Work request: Exercise in exact copying: restate word for word only the lines below from the one containing "有些年老行动不便的教友,神父就亲自下来把圣体送给这些教友。" through the one containing "五洲 印度尼西亞 巴林", omitting any pictures.

Entries supplied:
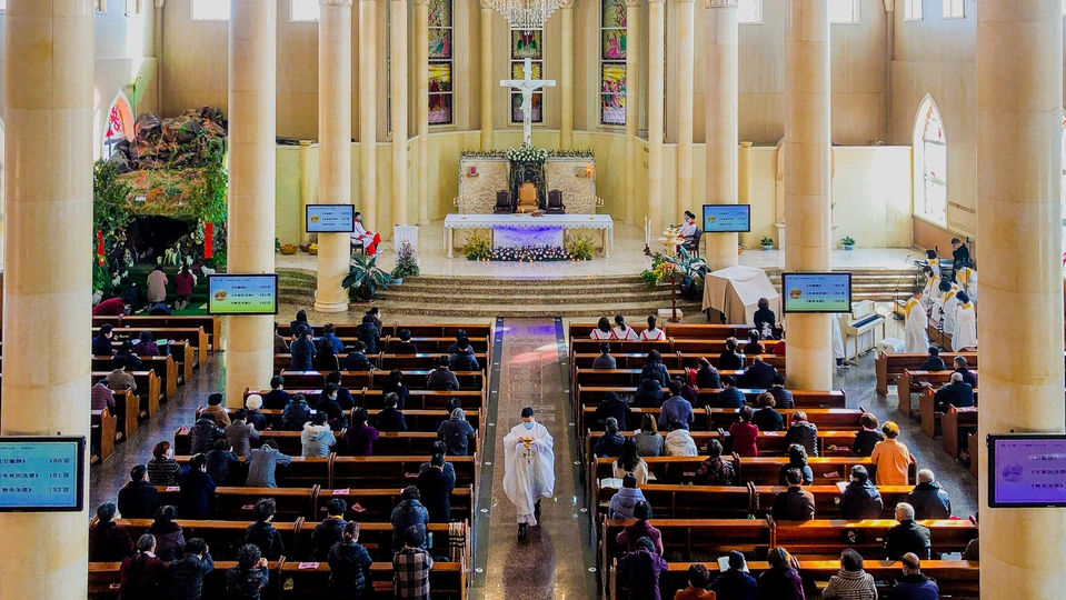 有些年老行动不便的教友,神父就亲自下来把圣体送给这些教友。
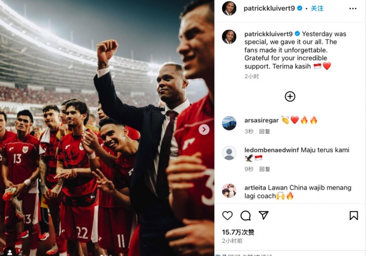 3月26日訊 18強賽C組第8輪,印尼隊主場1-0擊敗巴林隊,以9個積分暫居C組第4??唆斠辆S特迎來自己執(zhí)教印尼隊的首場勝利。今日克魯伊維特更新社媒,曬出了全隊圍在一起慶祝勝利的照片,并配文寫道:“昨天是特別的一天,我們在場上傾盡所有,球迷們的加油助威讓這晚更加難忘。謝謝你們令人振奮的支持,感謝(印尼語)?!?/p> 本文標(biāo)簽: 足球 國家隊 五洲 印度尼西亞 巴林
...
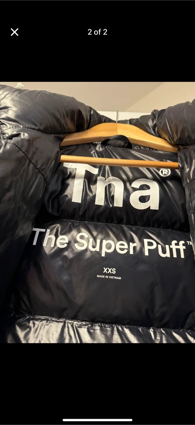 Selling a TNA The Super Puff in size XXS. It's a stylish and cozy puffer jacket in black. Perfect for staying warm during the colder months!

Answer:
 有些年老行动不便的教友,神父就亲自下来把圣体送给这些教友。
 3月26日訊 18強賽C組第8輪,印尼隊主場1-0擊敗巴林隊,以9個積分暫居C組第4??唆斠辆S特迎來自己執(zhí)教印尼隊的首場勝利。今日克魯伊維特更新社媒,曬出了全隊圍在一起慶祝勝利的照片,并配文寫道:“昨天是特別的一天,我們在場上傾盡所有,球迷們的加油助威讓這晚更加難忘。謝謝你們令人振奮的支持,感謝(印尼語)?!?/p> 本文標(biāo)簽: 足球 國家隊 五洲 印度尼西亞 巴林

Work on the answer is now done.